In March, the board of California Public Employees’ Retirement System (Calpers) approved a plan that could channel up to $20 billion into private equity startups and corporate buyouts over the next ten years—in an effort to boost returns and cover the benefits promised to its 1.9 million members. This according to an article by Wall Street Journalcolumnist Jason Zweig.

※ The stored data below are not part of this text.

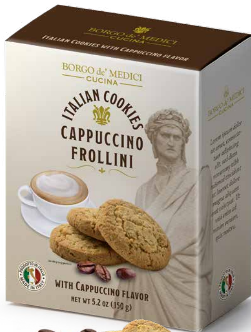
BD2547 CAPPUCCINO CRUMBLY COOKIES BOX 5.2 oz (150 g) 12 units/case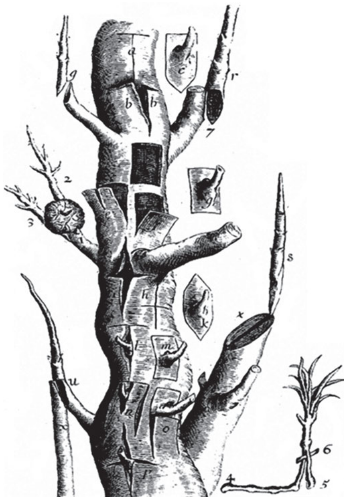
Fig. 1: Robert Sharrock, various methods of grafting, in: The History of the Propagation & Improvement of Vegetables by the Concurrence of Art and Nature , 1659, p. 59.

becomes what Foucault calls a dispositif [device] (Foucault 2004, 70). What is at stake here are natural resources that can be controlled and even improved by grafting or hybridization with the aim of economic exploitation. This is also the way to overcome the nature/culture split: The total, or even totalitarian economic framing of everything we refer to as nature puts nature at our disposal and into a 'stand-by mode' – what Martin Heidegger referred to as " Bereitstellung " [state of preparedness] (Heidegger 1967, 16). This stand-by mode is the very basis of what is called biopower (Foucault 1984, 257; Bertilsson 2003, 120).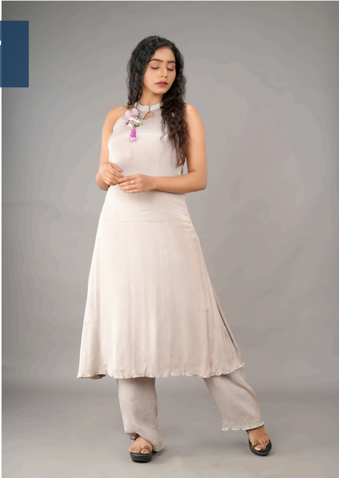
Sleeveless steel grey Suit gorgette kurti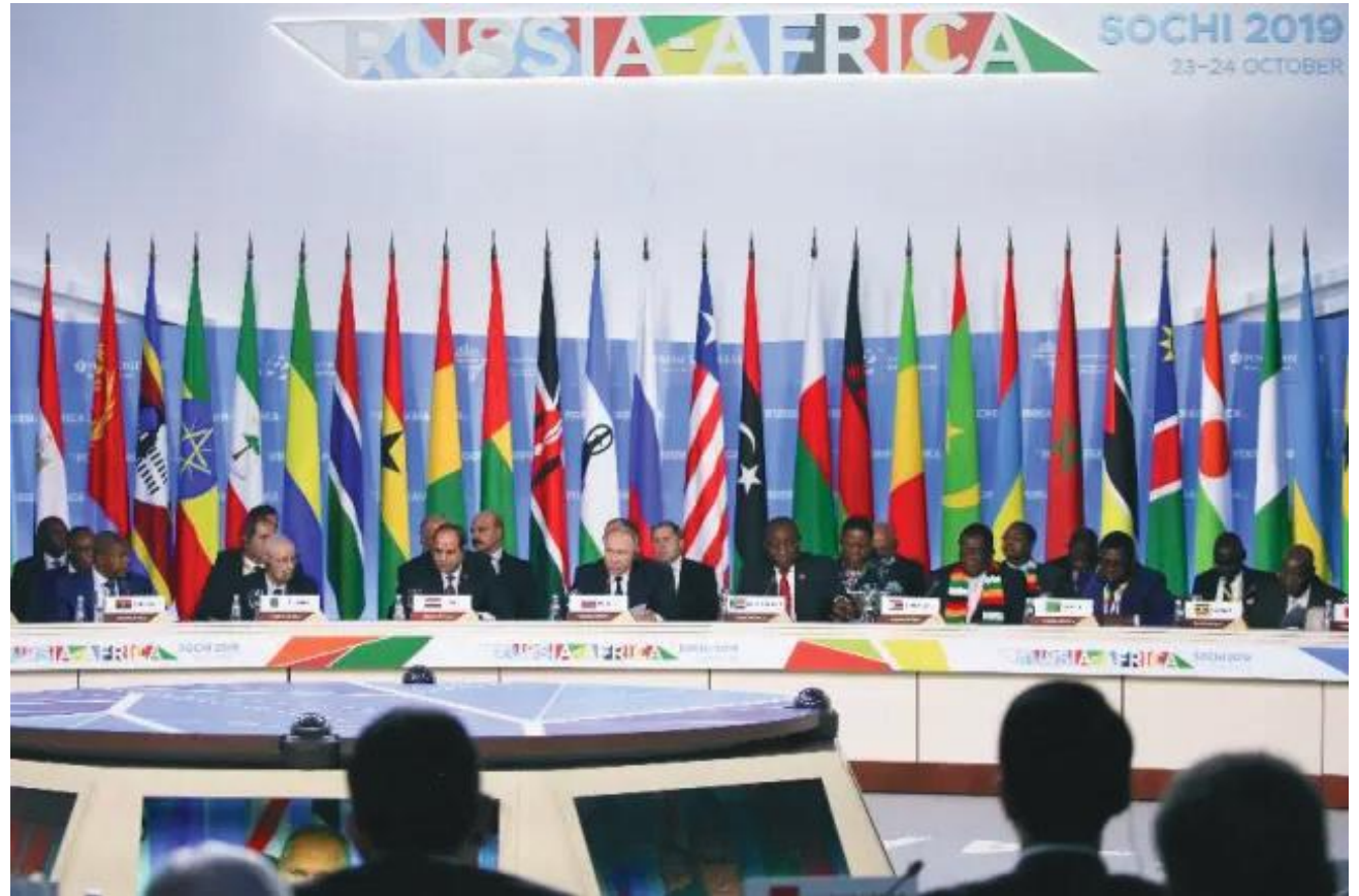
The organising-committee has announced the programme

The main themes of the 'Integrated Security and Sovereign Development' pillar will be international security, political stability, food security, as well as joint efforts to combat epidemics and emergencies. The key question that experts plan to

“Over the ten years through June 2018,” Zweig reports, “private equity was Calpers’ best-performing asset, returning an average of 9% annually, compared with 6.7% on public stocks” (Preqin data showed that the median pension fund earned 8.8% on private equity and 6.8% on public stocks). “Still,” Zweig notes, “the future for private equity might not be as lucrative as the past, with money gushing in and with buyouts priced near their highest levels in the past decade and a half.” He cites comments from industry experts that echo the concern, including from Preston McSwain of Fiduciary Wealth Partners: “For society’s sake, we hope returns on private equity will be good for these pension funds.”
But Calpers’ chief investment officer Ben Meng said in an interview that private equity is a “more know-who market than a know-how market. We can get access to the best-performing managers most of the time.” Not investing or keeping funds in cash, says Meng, is not an option for Calpers, but he is aware of the downside. “This may or may not work now,” Meng said, adding, “We won’t know unless we try. People should be mindful of the risks.”